→ Records from a data source
# # # #

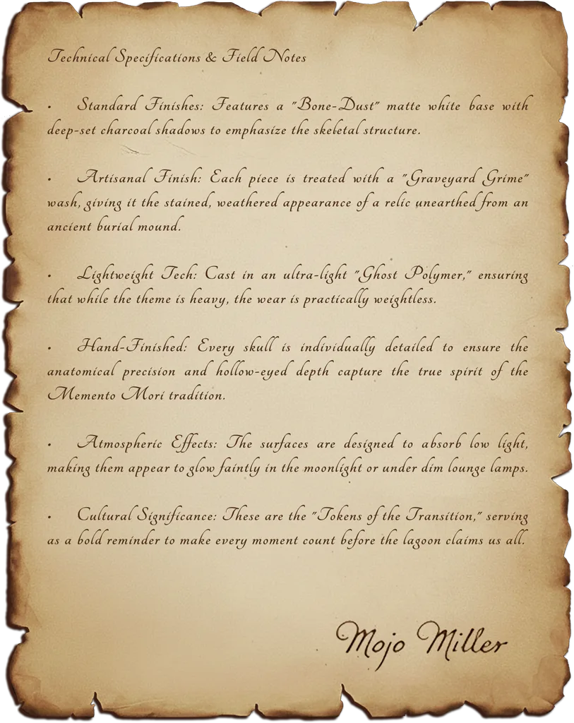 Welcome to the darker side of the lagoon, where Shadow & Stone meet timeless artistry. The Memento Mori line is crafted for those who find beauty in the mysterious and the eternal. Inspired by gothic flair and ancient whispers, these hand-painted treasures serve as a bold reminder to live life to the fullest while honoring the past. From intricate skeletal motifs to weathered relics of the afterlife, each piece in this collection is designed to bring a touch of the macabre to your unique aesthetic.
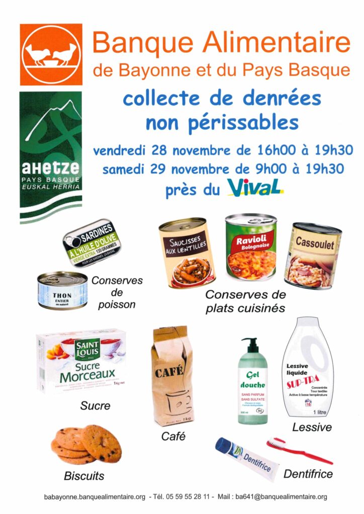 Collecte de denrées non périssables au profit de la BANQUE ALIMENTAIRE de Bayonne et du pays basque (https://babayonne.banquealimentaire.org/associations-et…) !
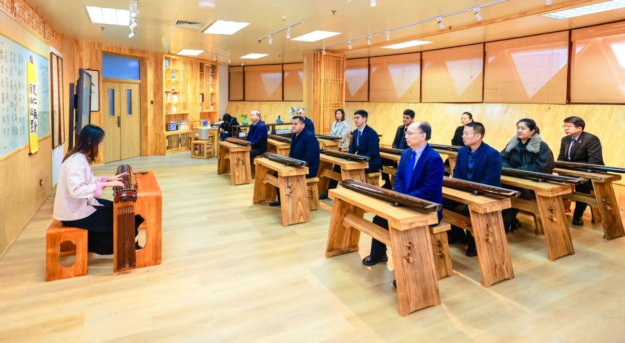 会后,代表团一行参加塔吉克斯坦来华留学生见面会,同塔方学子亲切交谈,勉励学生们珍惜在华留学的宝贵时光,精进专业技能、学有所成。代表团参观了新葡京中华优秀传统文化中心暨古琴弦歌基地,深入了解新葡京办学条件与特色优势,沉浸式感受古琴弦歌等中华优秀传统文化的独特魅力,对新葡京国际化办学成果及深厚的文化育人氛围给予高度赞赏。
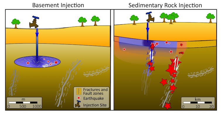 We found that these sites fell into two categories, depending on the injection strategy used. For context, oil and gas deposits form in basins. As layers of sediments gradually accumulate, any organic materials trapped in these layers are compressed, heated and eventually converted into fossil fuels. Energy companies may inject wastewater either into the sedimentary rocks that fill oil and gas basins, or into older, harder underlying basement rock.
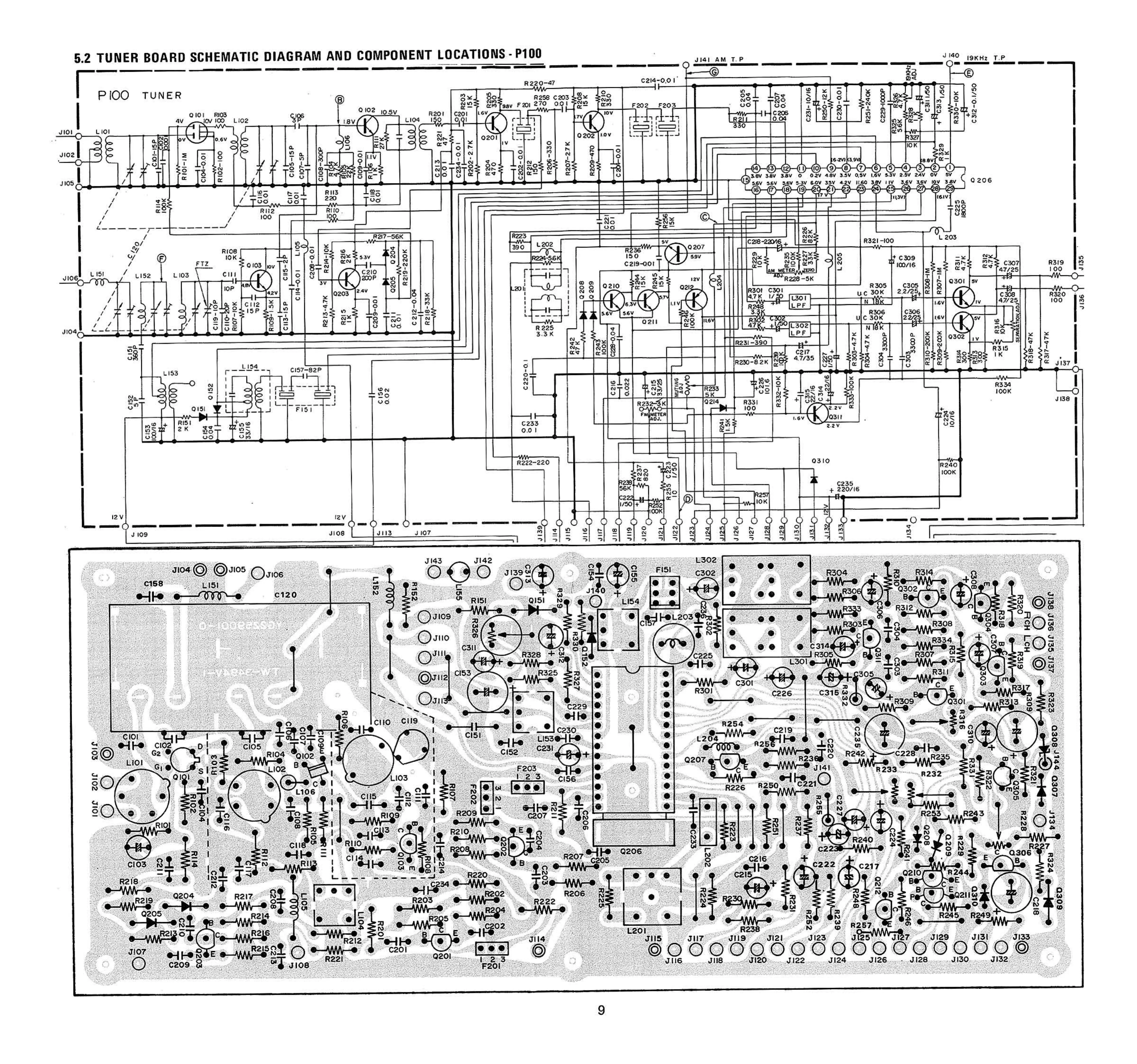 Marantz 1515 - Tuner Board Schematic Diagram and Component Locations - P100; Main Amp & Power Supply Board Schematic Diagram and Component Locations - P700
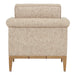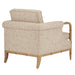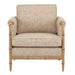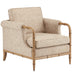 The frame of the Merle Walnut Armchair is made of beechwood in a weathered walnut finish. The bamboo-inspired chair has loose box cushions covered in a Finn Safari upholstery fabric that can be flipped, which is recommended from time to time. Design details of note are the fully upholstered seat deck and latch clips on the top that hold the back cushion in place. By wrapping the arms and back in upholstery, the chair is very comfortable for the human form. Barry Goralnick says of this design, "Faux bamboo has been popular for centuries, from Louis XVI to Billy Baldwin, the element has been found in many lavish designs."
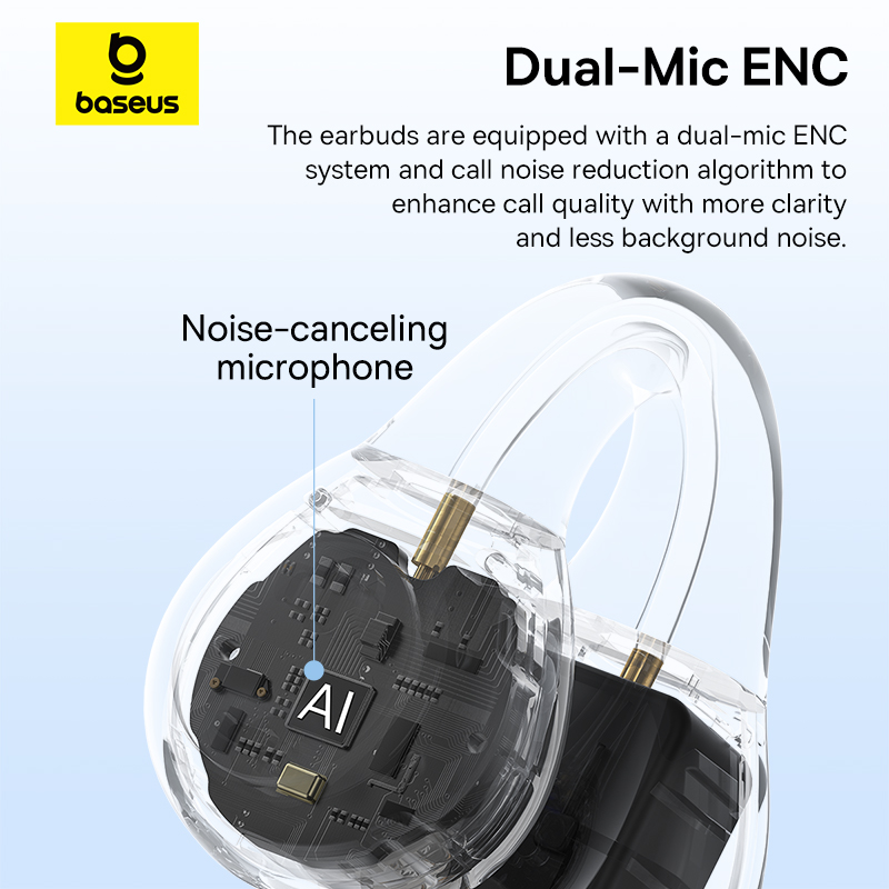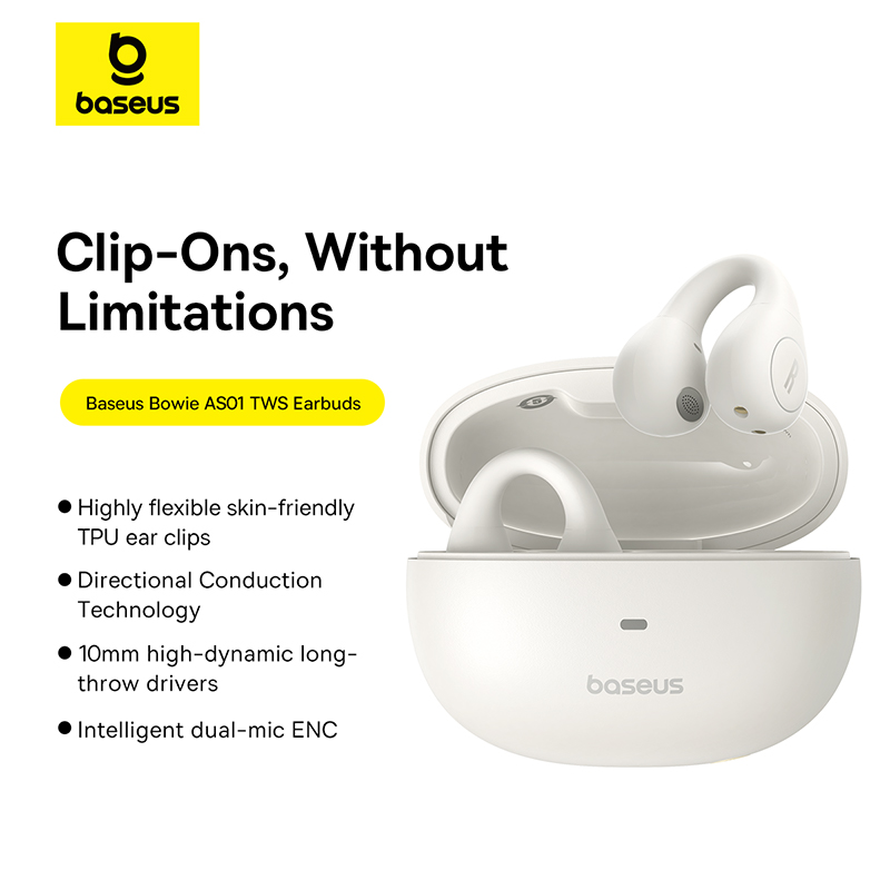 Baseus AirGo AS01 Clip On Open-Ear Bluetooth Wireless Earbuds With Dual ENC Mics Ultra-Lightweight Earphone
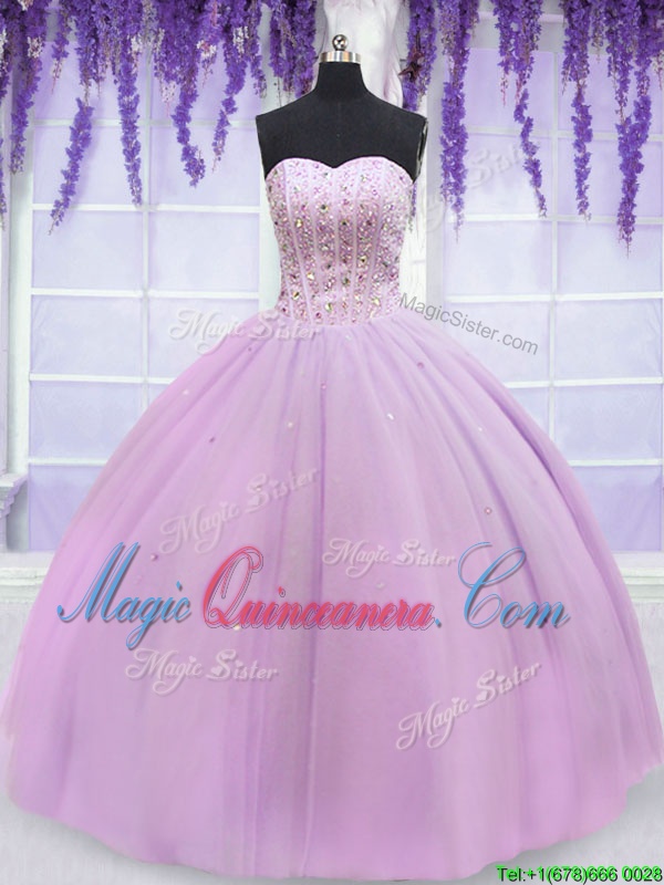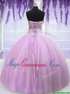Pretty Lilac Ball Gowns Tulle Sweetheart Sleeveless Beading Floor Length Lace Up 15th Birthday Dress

# # # #

→ WHAT TO WORK ON
In your copy of the records above, include no pictures and match every line exactly.

→ TASK RESPONSE
 Welcome to the darker side of the lagoon, where Shadow & Stone meet timeless artistry. The Memento Mori line is crafted for those who find beauty in the mysterious and the eternal. Inspired by gothic flair and ancient whispers, these hand-painted treasures serve as a bold reminder to live life to the fullest while honoring the past. From intricate skeletal motifs to weathered relics of the afterlife, each piece in this collection is designed to bring a touch of the macabre to your unique aesthetic.
 Collecte de denrées non périssables au profit de la BANQUE ALIMENTAIRE de Bayonne et du pays basque (https://babayonne.banquealimentaire.org/associations-et…) !
 会后,代表团一行参加塔吉克斯坦来华留学生见面会,同塔方学子亲切交谈,勉励学生们珍惜在华留学的宝贵时光,精进专业技能、学有所成。代表团参观了新葡京中华优秀传统文化中心暨古琴弦歌基地,深入了解新葡京办学条件与特色优势,沉浸式感受古琴弦歌等中华优秀传统文化的独特魅力,对新葡京国际化办学成果及深厚的文化育人氛围给予高度赞赏。
 We found that these sites fell into two categories, depending on the injection strategy used. For context, oil and gas deposits form in basins. As layers of sediments gradually accumulate, any organic materials trapped in these layers are compressed, heated and eventually converted into fossil fuels. Energy companies may inject wastewater either into the sedimentary rocks that fill oil and gas basins, or into older, harder underlying basement rock.
 Marantz 1515 - Tuner Board Schematic Diagram and Component Locations - P100; Main Amp & Power Supply Board Schematic Diagram and Component Locations - P700
 The frame of the Merle Walnut Armchair is made of beechwood in a weathered walnut finish. The bamboo-inspired chair has loose box cushions covered in a Finn Safari upholstery fabric that can be flipped, which is recommended from time to time. Design details of note are the fully upholstered seat deck and latch clips on the top that hold the back cushion in place. By wrapping the arms and back in upholstery, the chair is very comfortable for the human form. Barry Goralnick says of this design, "Faux bamboo has been popular for centuries, from Louis XVI to Billy Baldwin, the element has been found in many lavish designs."
 Baseus AirGo AS01 Clip On Open-Ear Bluetooth Wireless Earbuds With Dual ENC Mics Ultra-Lightweight Earphone
Pretty Lilac Ball Gowns Tulle Sweetheart Sleeveless Beading Floor Length Lace Up 15th Birthday Dress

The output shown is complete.